Erwin A. Thompson Sings of Bums & Tramps

My father wrote me that recently one of his friends had educated him on the difference between bums and tramps. These were terms in use during the Great Depression…before Street People and Homeless. Listen and learn.–JGR

I had always thought that the words “bum” and “tramp” were interchangeable. Not so.

A tramp is a person traveling to find work, If he asks for food, he really expects to do something for it.

A bum is just traveling, with no particular destination or purpose in mind. He does not work unless severely pressed.

A verse from an old song:

I met a man the other day
I never had met before
He asked me if I wanted a job
Shoveling iron ore
I asked him what the wages were,
He said: “Ten cents a ton,”
I said: “Oh, fellow, go chase yourself,
I’d rather be on the bum!”

Shoveling iron ore for ten cents a ton would put most folks in today’s world on the side of the bum.

But! This was nineteen hundred thirty-two. Our neighbor Jack Foree came over and really raised a fuss with Aunt Mim for paying such high wages. We were paying a dollar-and-half a day for a ten-hour day in the summer, and from as near to that as was practical in the winter. Six days a week.
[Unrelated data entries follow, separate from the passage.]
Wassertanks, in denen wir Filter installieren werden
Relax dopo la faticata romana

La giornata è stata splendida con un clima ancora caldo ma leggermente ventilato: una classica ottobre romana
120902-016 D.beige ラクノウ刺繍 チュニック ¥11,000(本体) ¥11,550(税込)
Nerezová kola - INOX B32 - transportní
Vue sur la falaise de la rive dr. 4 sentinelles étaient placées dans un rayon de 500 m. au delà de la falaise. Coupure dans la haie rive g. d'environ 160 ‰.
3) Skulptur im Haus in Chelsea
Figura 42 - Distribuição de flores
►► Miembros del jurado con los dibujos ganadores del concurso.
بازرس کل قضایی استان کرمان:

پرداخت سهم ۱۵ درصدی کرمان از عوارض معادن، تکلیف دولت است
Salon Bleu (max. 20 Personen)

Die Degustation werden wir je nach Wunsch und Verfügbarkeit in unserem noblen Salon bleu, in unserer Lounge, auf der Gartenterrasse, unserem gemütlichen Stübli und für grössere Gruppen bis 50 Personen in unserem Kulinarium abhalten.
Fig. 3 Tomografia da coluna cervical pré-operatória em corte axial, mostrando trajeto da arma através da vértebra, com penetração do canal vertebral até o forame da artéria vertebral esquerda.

One bitterly cold winter we didn’t do much but chores. Johnnie picked his check up, and looked at it. “Miss Mim, you made a mistake. We didn’t work full time.” She told him that she had not made a mistake. She said she figured he and his family had to eat, even if the weather was totally miserable.
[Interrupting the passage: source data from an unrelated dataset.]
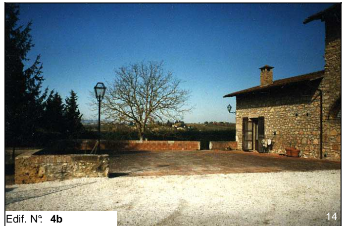
Edif. N° 4b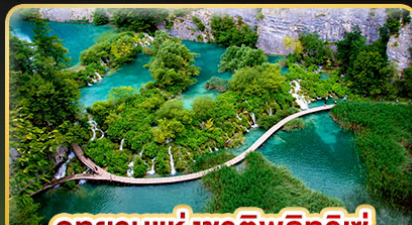
อุทยานแห่งชาติพลิวิเซ่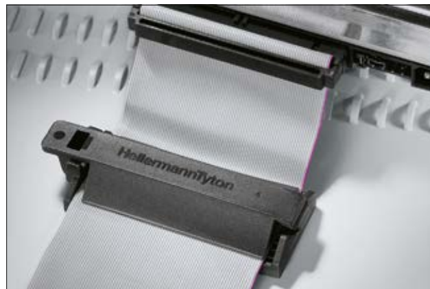
Durch die besonders weichen Flügel wird jedes Flachkabel schonend gehalten.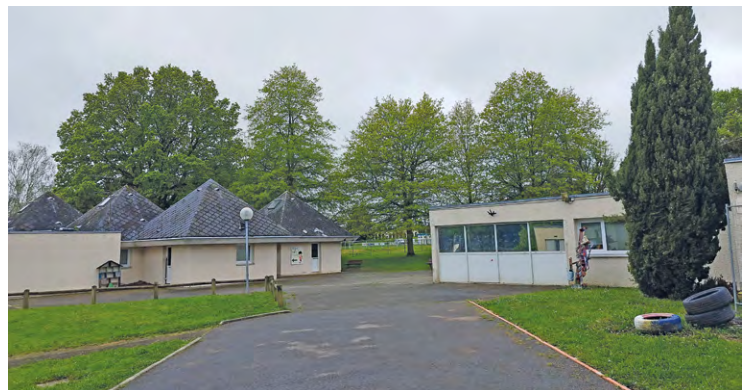
L'actuel Centre de loisirs primaire, qui se trouve au sein du quartier du Village, à Maurepas va laisser place à un tout nouveau bâtiment en 2025. Les travaux vont débuter dans quelques mois.

Le Centre de loisirs primaire (CLP), installé dans le quartier du Village, à Maurepas, qui accueille les enfants âgés de 6 à 12 ans, sera bientôt remplacé par un nouvel équipement flambant neuf. Ce nouvel édifice entièrement repensé ouvrira fin 2025, sur la même parcelle, juste à côté de l'actuel.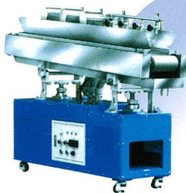
メッシュコンベアー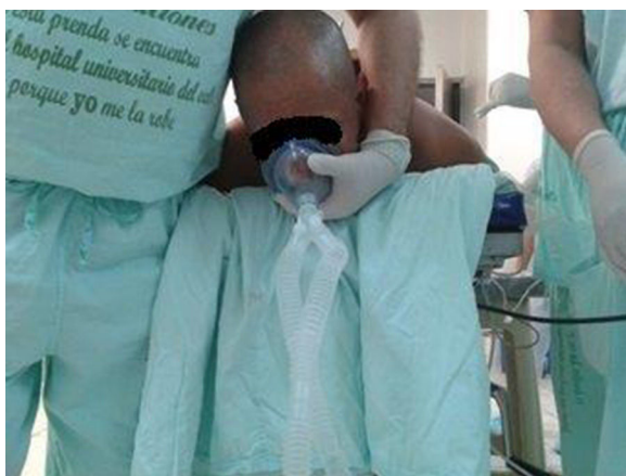
Figura 4 – Posicionamiento del anesthesiólogo para intubación en prono.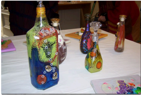
Quelques objets peints à sa façon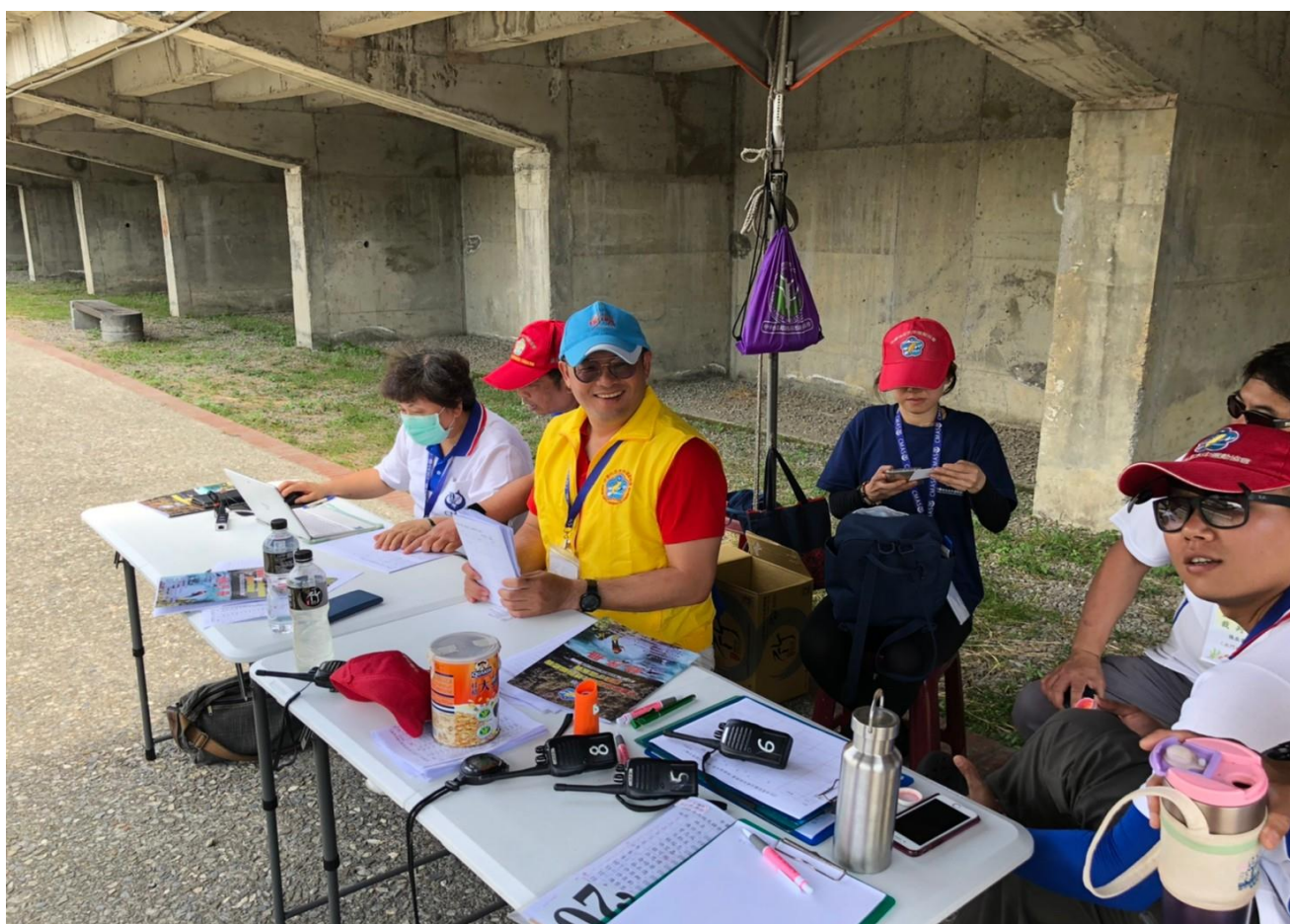
終點裁判紀錄成績

Jack was paying a dollar a day for the days worked. Otherwise the “man” would do the chores for the house rent. He alowed the man to drag dead wood to the man’s house for fuel, but the tenant had to chop or saw it to length by hand.
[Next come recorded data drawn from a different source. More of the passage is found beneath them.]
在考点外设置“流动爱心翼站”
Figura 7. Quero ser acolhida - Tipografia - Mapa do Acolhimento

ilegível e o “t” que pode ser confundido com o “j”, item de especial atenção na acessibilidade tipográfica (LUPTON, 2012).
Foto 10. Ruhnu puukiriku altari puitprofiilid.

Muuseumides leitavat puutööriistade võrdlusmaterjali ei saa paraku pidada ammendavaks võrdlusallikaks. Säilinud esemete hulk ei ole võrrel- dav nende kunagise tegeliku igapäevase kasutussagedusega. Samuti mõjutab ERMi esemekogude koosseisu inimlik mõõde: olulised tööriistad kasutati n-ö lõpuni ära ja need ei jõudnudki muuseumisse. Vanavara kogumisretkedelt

On February he gave Ira Holmes two half days work in one month. He did take him up to the township supervisor to get a relief order for food. One cold month I hauled Ira a small load of coal, and let him work out the price of the coal and hauling on days when Jack didn’t want him.

The woman that George Burch was living with (without the benefit of marriage. Very unusual at that time) died because he didn’t have ten dollars to pay a doctor to come out.

I, myself, shoveled limestone (crusher duat) from the odd places where it acumulated because they sold it to me for ten cents a ton less money.

Those were the times and the ways of the times.